The Taxonomy Browser provides navigation across species within the DESIRE database. The root level consists of three groups: Bacteria, Archaea, and Eukarya. Within each group, multiple subgroups representing various taxonomic levels can be iteratively expanded. The taxonomic organization of species was adapted from NCBI (39). One or multiple groups from any level can be simultaneously selected or searched for by typing in its name. Selection of any parent group will include all species within that group available in the DESIRE database. Due to variability of rProteins in different domains of life (38,40), ProteoVision dynamically loads and filters a list of available alignments based on selections within the Taxonomy Browser. For example, if Archaea, Bacteria and Eukarya are selected, only universal rProtein alignments are shown. If Bacteria is deselected, a subset of rProtein alignments common to archaeal and eukaryotic domains is added to the alignment list.

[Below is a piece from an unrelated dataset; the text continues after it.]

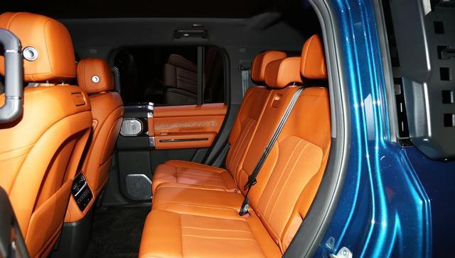 来到侧面,新车尺寸也是比较大的,车长5198毫米,车宽2050毫米,车高1950毫米,轴距2870毫米,并且这车是带空气悬架+CDC的,涉水深度达到了970毫米,所以整车体量感看起来是真的很大。

Alignment-Structure mapping

A key feature of ProteoVision is its ability to connect a protein alignment with a 3D structure and topology diagram. This alignment-structure connection is done through several steps:

First, ProteoVision identifies relevant PDB structures for the sequences in the selected alignment. In DESIRE mode the identification is performed via filtering a specified rProtein within available ribosomal structures using riboXYZ API; the filtered PDB IDs are provided in alphabetical order along with species names in a searchable menu. Three ribosomal structures, representing the three domains of life, are always appended at the top of the structure list for the user's convenience. In User upload mode, the relevant PDB structures are identified through a BLAST search within the RCSB database using the first sequence of the alignment as a query. The filtered PDB IDs are sorted by BLAST results and provided in a searchable menu. In both modes the user can also input any desired PDB ID, not present in the filtered results.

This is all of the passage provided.